Antrim
- Sport:: Football
- Irish:: Aontroim
- Nickname(s):: The Saffrons
- County board:: Antrim GAA
- Manager:: Mark Doran
- Captain:: Eoghan McCabe
- Home venue(s):: Corrigan Park, Belfast

Recent competitive record
- Current All-Ireland status:: Ulster (QF) in 2025
- Last championship title:: None
- Current NFL Division:: 4 (7th in 2025; relegated to Division 4)
- Last league title:: 'NFL Division 4 Winners 2021'
| First colours | Second colours |

= Antrim county football team =

Gaelic football team

The Antrim county football team represents Antrim GAA, the county board of the Gaelic Athletic Association, in the Gaelic sport of football. The team competes in the three major annual inter-county competitions: the All-Ireland Senior Football Championship, the Ulster Senior Football Championship and the National Football League.
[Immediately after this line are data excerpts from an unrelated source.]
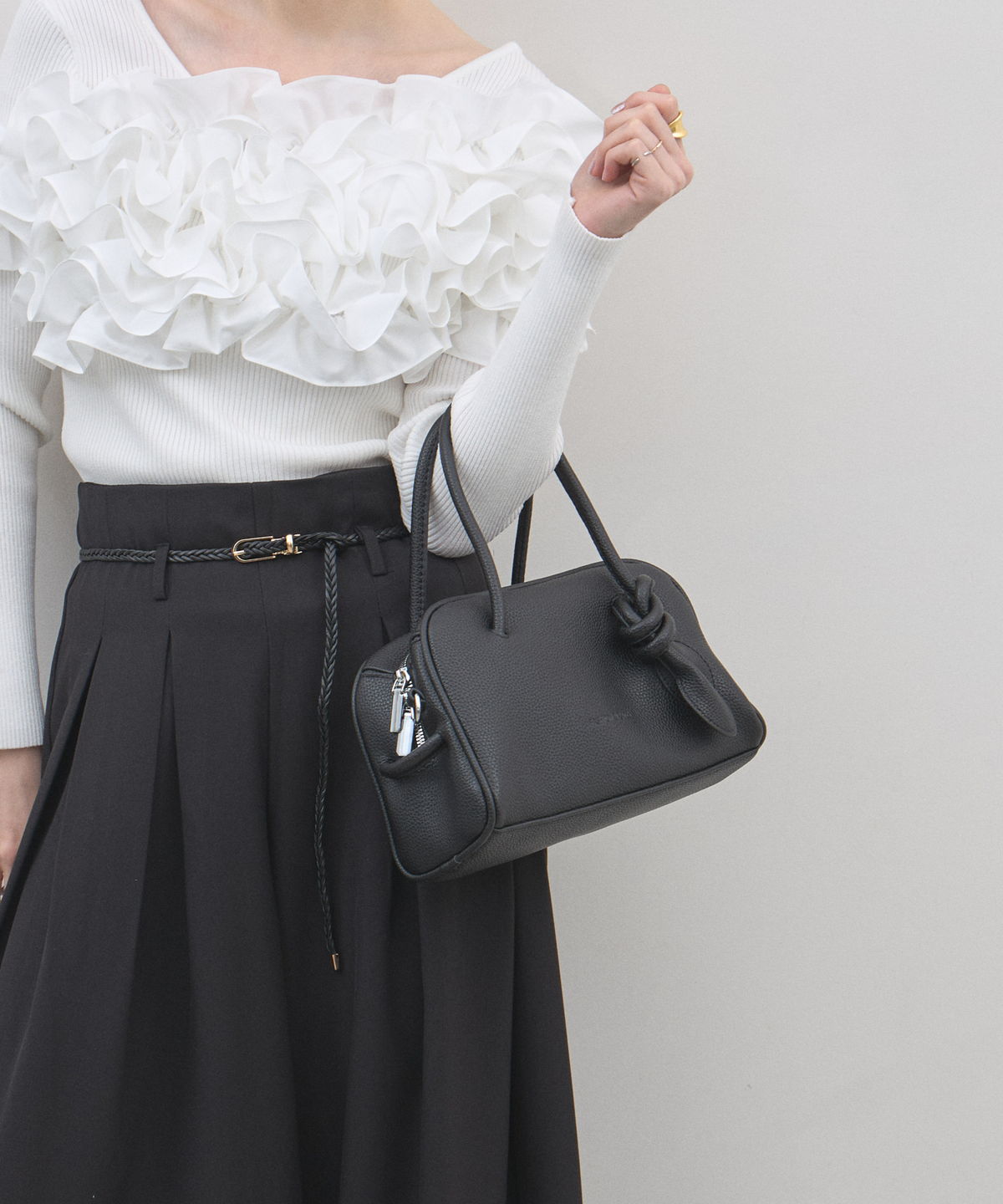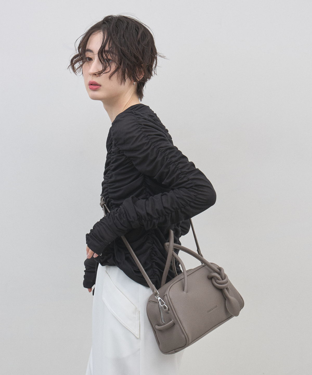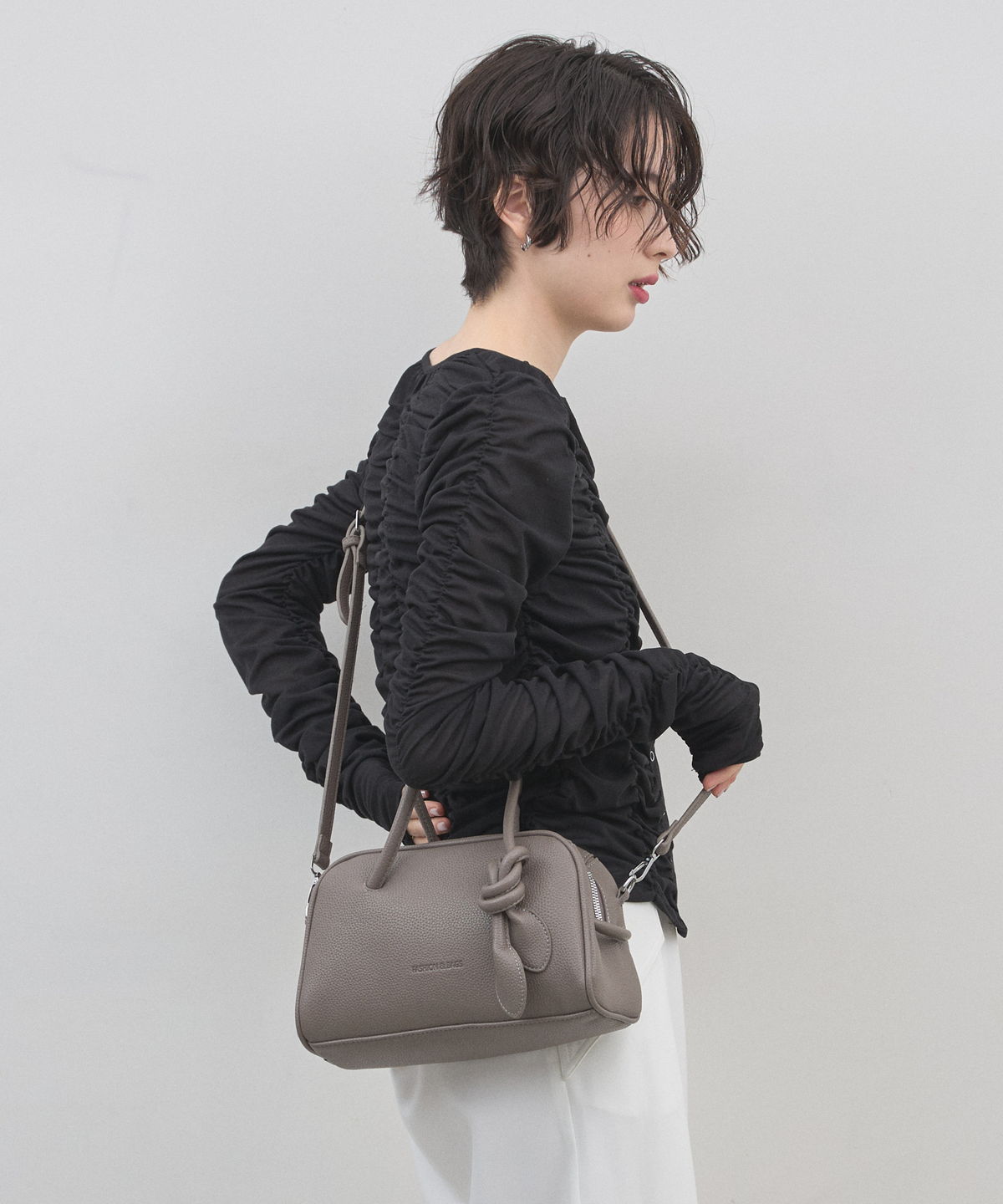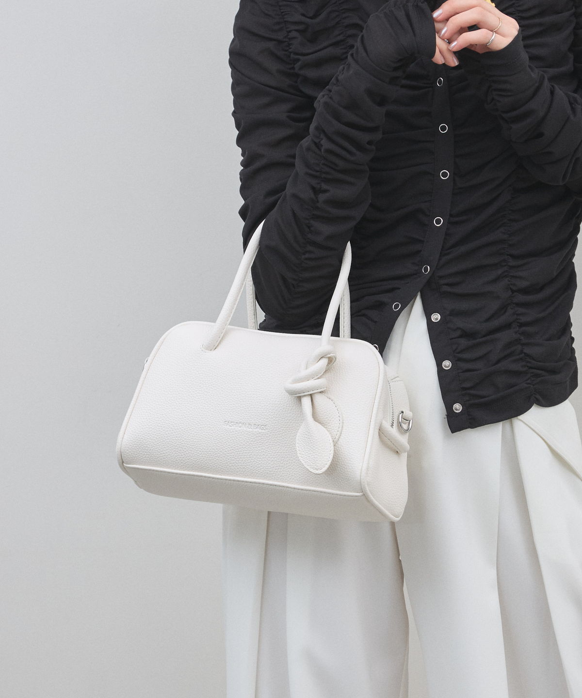 | 商品説明 | : | ミニマルな形に、遊び心を結んで。 装いをクラスアップする、大人のミニボストン。 柔らかなシボ感のある素材と、端正なボストンシルエットが調和した、洗練のミニバッグ。 持ち手部分にあしらわれた大胆なノット(結び目)デザインが、 シンプルなルックスに現代的なエッセンスと程よい抜け感をプラスします。 コンパクトなサイズ感ながら、広めのマチで見た目以上の収納力を備えており、 デイリーからお出かけまで幅広く活躍します。モードなトップスと合わせれば、 パッと目を惹くトレンド感が生まれ、洗練された大人のスタイルが完成します。 |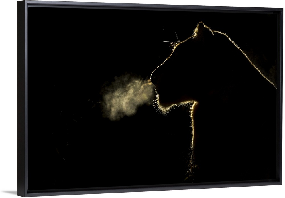 <p>African Lion (Panthera leo) lioness breathing at night, Sabi Sands Game Reserve, South Africa.</p>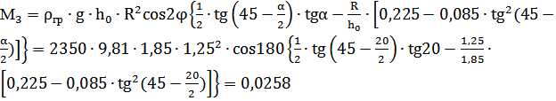 Величина изгибающего момента (на единицу длину оболочки) от давления грунта определяется по формуле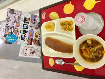 上段の写真は、本日の献立と給食図書です。本日の給食図書は「厨房図鑑」でした。ピザ屋さんやパン屋さん、ケーキ屋さん等、食べ物屋さんの厨房が写真で説明されている図書でした。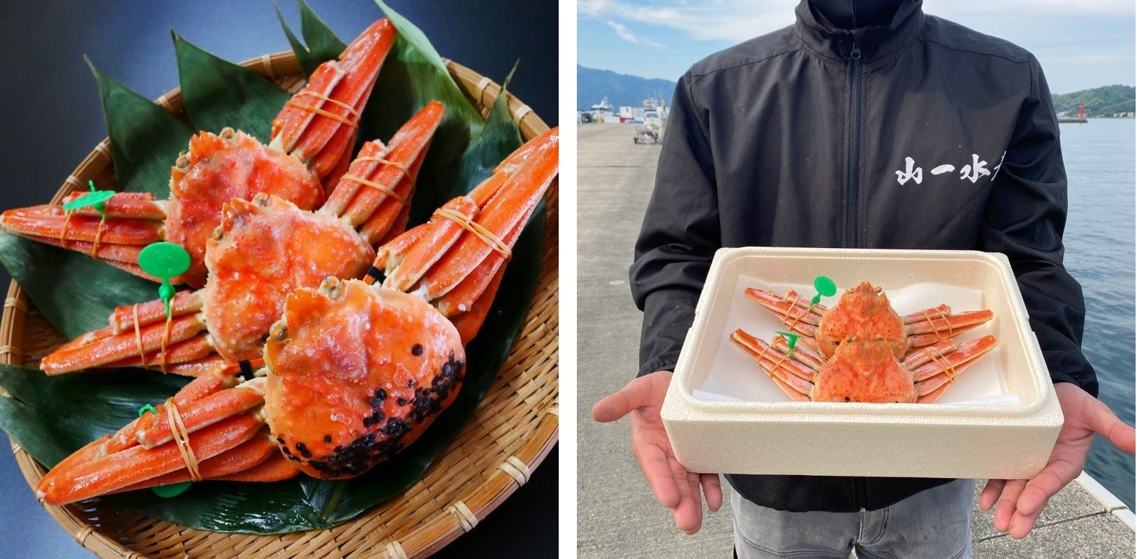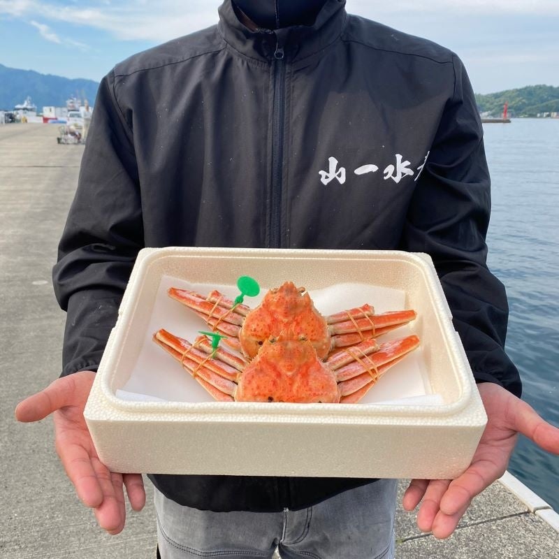 京都府間人(たいざ)漁港で松葉ガニ漁の終盤に買い付けをして、ボイル加工で旨みを閉じ込めました。小さいサイズですが、タグ付きの間人産松葉ガニをお得にお届けします。

Antrim's home ground is Casement Park, Belfast; however, this has been closed for redevelopment since 2013, with most home games being played instead at Corrigan Park. The team's manager is Mark Doran

The team last won the Ulster Senior Championship in 1951 but has never won the All-Ireland Senior Championship or the National League.

==History==
The county team has won the Ulster Senior Football Championship (SFC) on ten occasions: 1900, 1901, 1908, 1909, 1910, 1911, 1912, 1913, 1946 and 1951.

The county team was the first in the province of Ulster to appear in an All-Ireland Senior Football Championship (SFC) final, doing so in 1911 and repeating the feat again in 1912, but losing on both occasions.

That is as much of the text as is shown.